(Task material)
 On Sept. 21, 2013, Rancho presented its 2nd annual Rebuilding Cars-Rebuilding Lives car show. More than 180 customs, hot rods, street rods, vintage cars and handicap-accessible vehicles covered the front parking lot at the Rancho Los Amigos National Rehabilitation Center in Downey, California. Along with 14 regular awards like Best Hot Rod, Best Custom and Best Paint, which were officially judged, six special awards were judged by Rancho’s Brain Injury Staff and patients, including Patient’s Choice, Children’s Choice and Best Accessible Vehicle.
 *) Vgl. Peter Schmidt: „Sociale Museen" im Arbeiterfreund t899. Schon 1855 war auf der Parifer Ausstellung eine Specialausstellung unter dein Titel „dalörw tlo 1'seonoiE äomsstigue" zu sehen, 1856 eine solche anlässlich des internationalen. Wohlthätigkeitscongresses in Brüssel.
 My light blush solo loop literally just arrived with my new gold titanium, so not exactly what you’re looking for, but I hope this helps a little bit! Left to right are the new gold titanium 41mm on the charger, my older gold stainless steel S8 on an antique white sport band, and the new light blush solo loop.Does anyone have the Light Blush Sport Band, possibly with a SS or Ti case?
(End Task material)
(Task material)
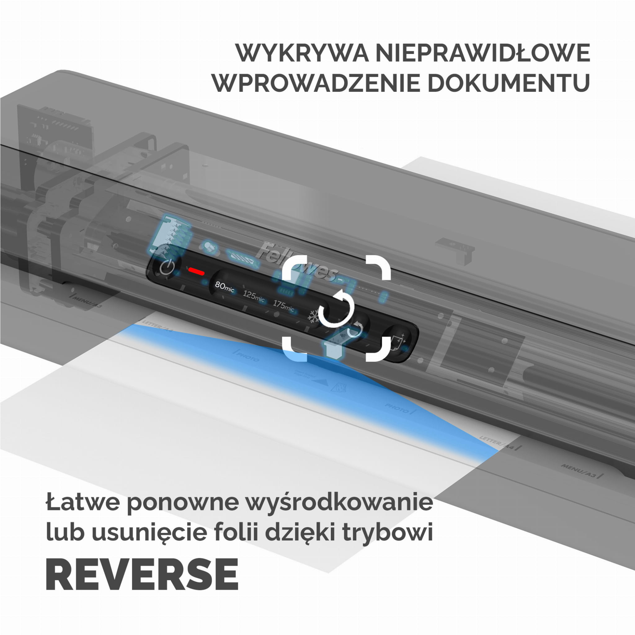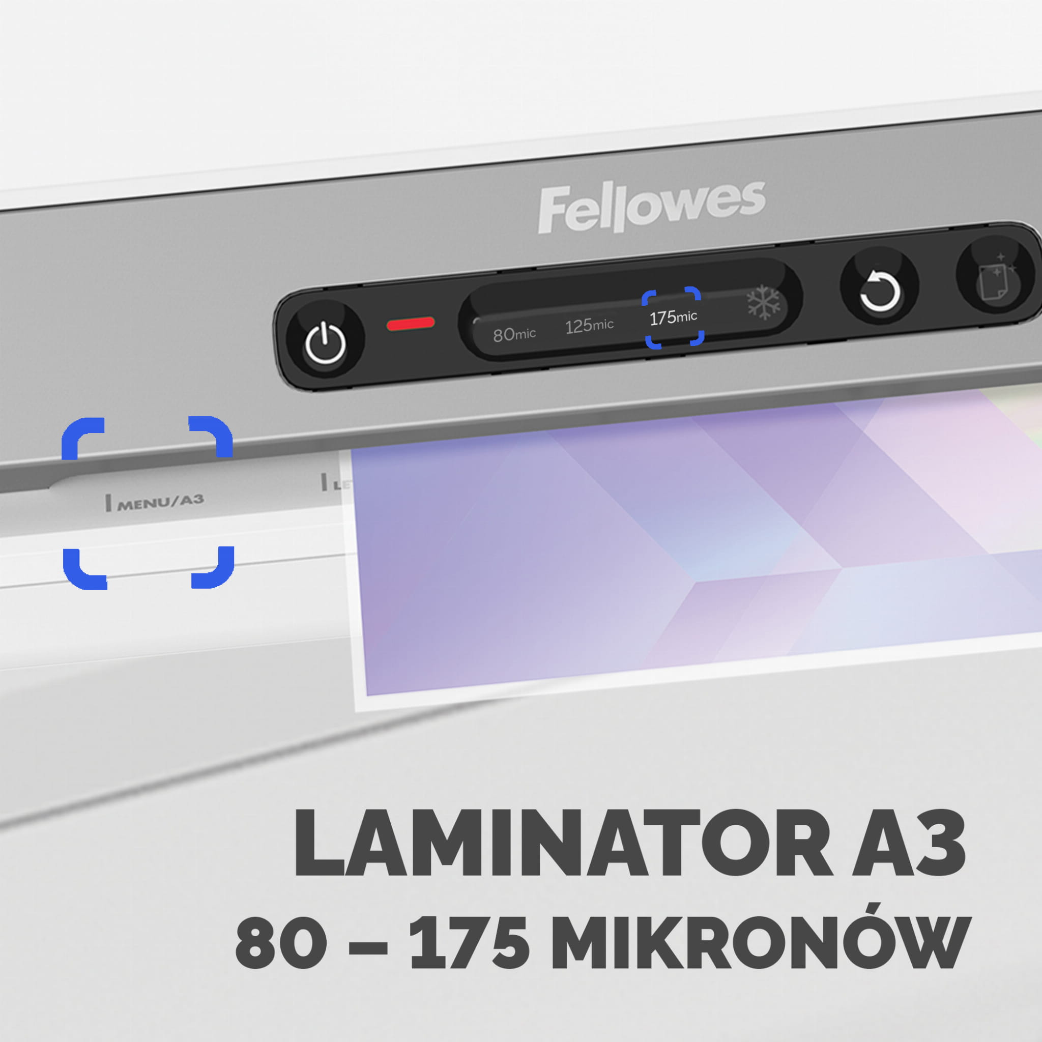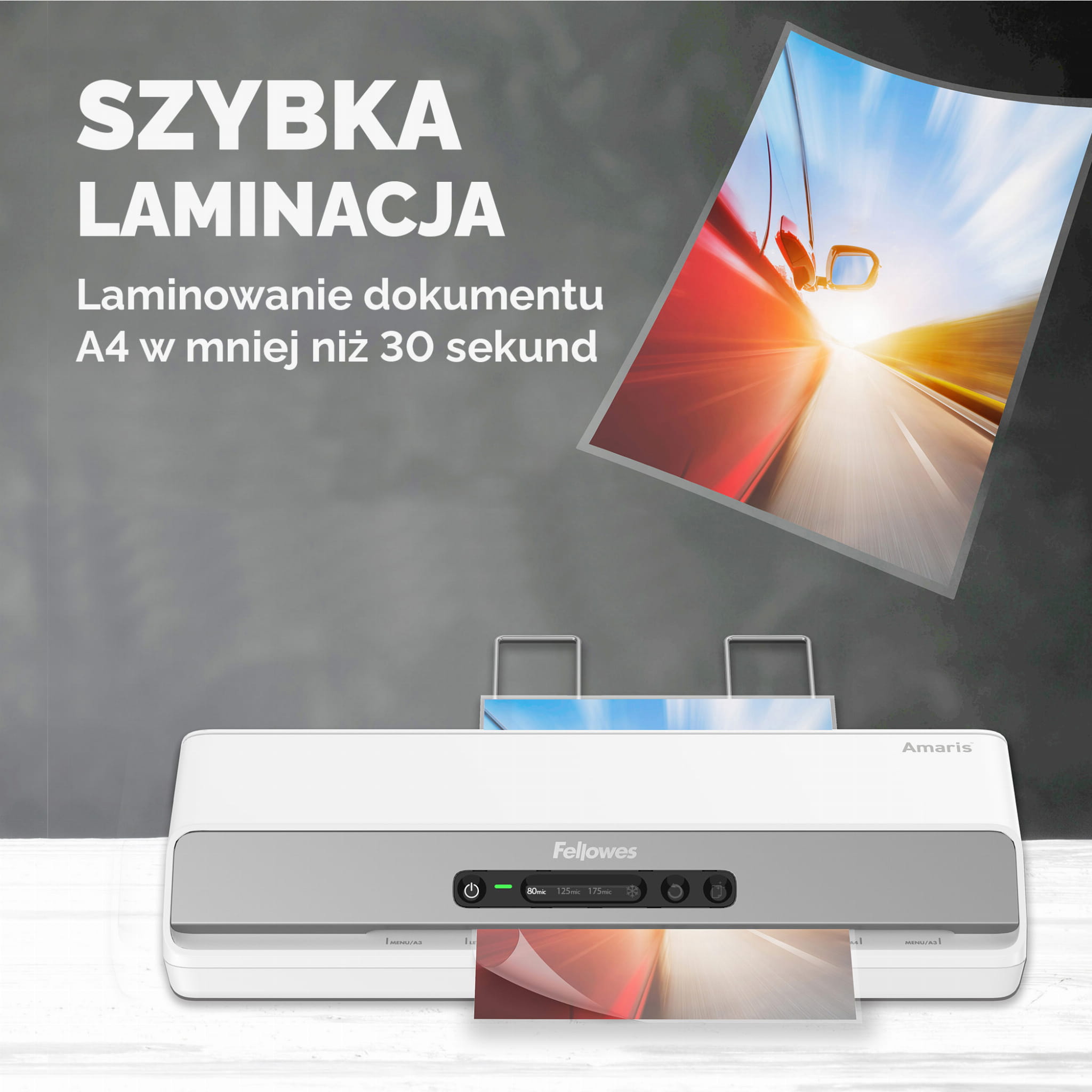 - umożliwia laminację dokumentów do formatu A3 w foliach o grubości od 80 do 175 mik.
(End Task material)
» **Exercise instructions**:
Among the records above, only the lines between the line holding "Wohlthätigkeitscongresses in Brüssel." and the line holding "My light blush", inclusive, are to be output, exactly as written.

» **Written response**:
 *) Vgl. Peter Schmidt: „Sociale Museen" im Arbeiterfreund t899. Schon 1855 war auf der Parifer Ausstellung eine Specialausstellung unter dein Titel „dalörw tlo 1'seonoiE äomsstigue" zu sehen, 1856 eine solche anlässlich des internationalen. Wohlthätigkeitscongresses in Brüssel.
 My light blush solo loop literally just arrived with my new gold titanium, so not exactly what you’re looking for, but I hope this helps a little bit! Left to right are the new gold titanium 41mm on the charger, my older gold stainless steel S8 on an antique white sport band, and the new light blush solo loop.Does anyone have the Light Blush Sport Band, possibly with a SS or Ti case?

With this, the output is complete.